Should You Buy Microsoft Stock Now?

As investors consider whether to buy Microsoft stock, it is essential to weigh various factors. While Morningstar’s insights present a strong case for Microsoft as a valuable growth stock in the AI sector, it is vital to explore other investment opportunities as well. For example, The Motley Fool's Stock Advisor team recently highlighted ten promising stocks that they believe can deliver substantial returns in the coming years, and notably, Microsoft was not among them.

Historical performance from their recommendations showcases the potential for significant returns; for instance, if an investor had purchased Netflix stock when it was first recommended in December 2004, their initial $1,000 investment would have ballooned to an astounding $498,522. Similarly, an investment in Nvidia from April 2005 would have grown to $1,276,807. Such comparisons indicate the potential for exceptional returns when investing in the right stocks.

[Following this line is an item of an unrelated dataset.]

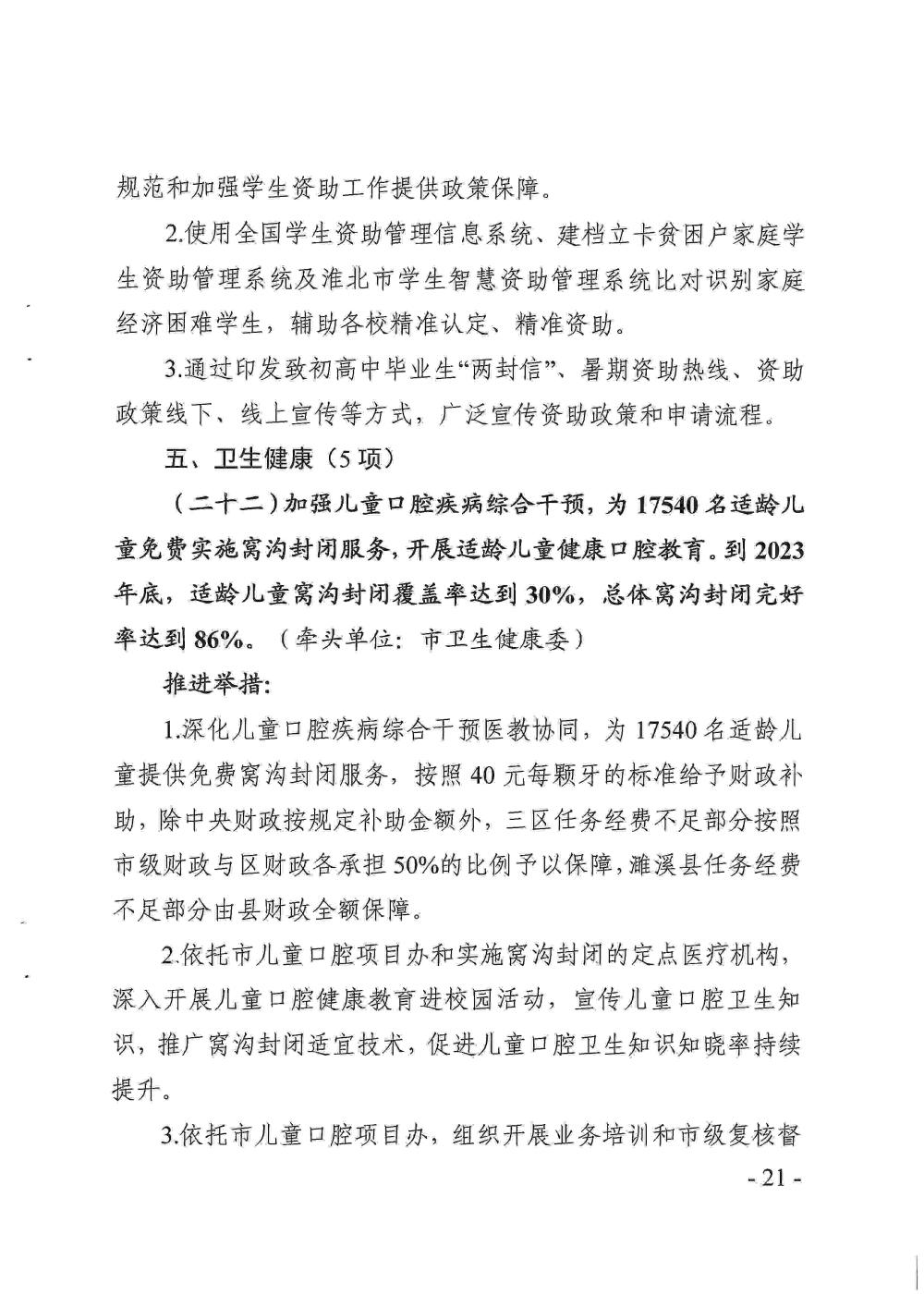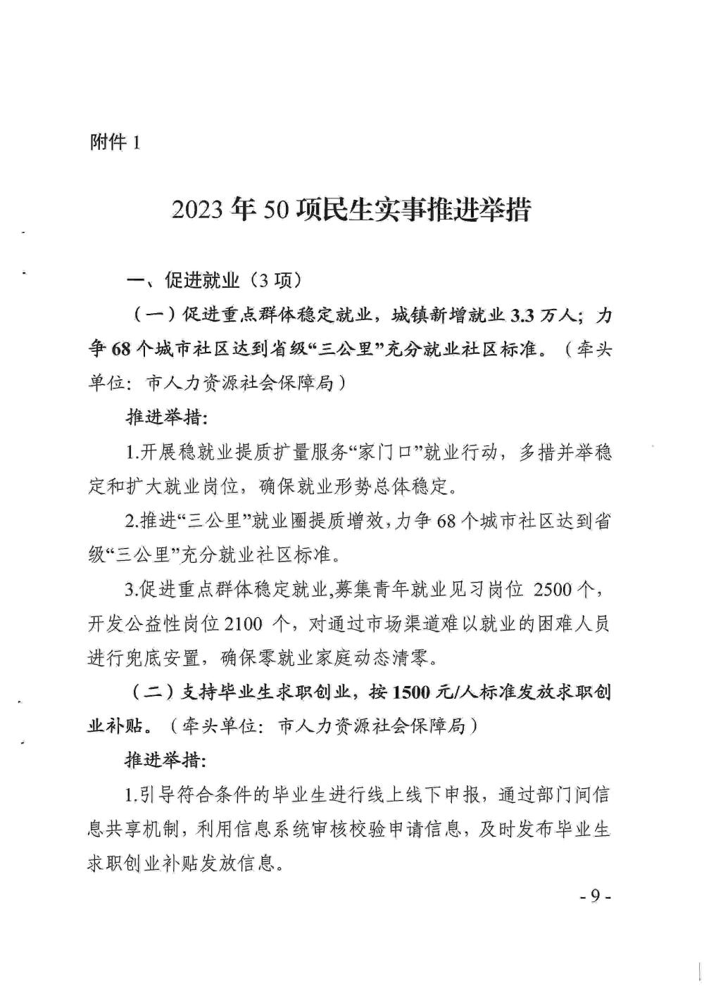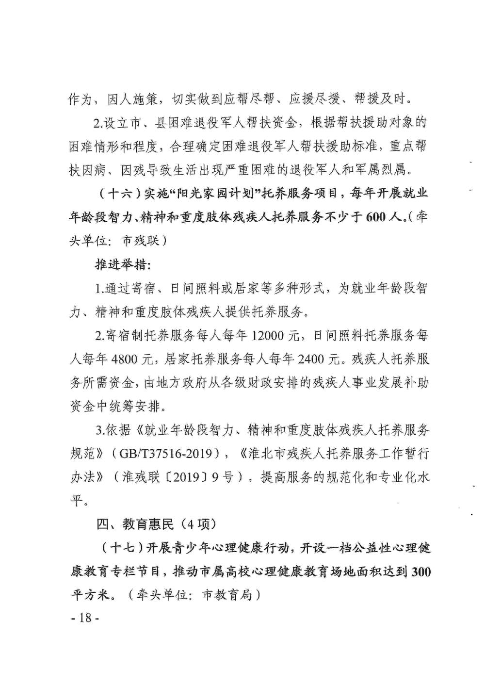 淮北市民生工作领导小组办公室关于印发《淮北市2023年实施50项民生实事》的通知

The Bigger Picture: AI's Role in Future Economies

The implications of Microsoft’s investments extend beyond the company itself. The AI market is poised to reshape economies, industries, and job markets across the globe. As companies like Microsoft and OpenAI innovate and expand their capabilities, they are setting new standards for efficiency and productivity. The integration of AI into everyday operations can lead to sweeping changes in how businesses operate, potentially increasing overall economic output and redefining job roles in the process.

However, this transformation also raises questions about job displacement and the future workforce. As AI systems take on more complex tasks traditionally performed by humans, there will be a pressing need for reskilling and upskilling initiatives to prepare workers for the new economy. Policymakers, businesses, and educational institutions must collaborate to ensure that the workforce is equipped to thrive in an increasingly automated world.

Conclusion: A Balanced Perspective on Microsoft

In summary, Microsoft stands at a critical juncture within the AI landscape, demonstrating both potential and risk. While the company’s recent capex has led to stock price declines, analysts, including those at Morningstar, argue that it is undervalued and poised for substantial growth.

However, investors should remain cautious and consider diverse opportunities in the market. With the rapid evolution of AI technology and its broader implications, understanding the risks and rewards of investing in leading companies like Microsoft is essential. The world of AI is still being shaped, and those who are informed and strategic in their investment choices will be best positioned to reap the benefits of this transformative wave.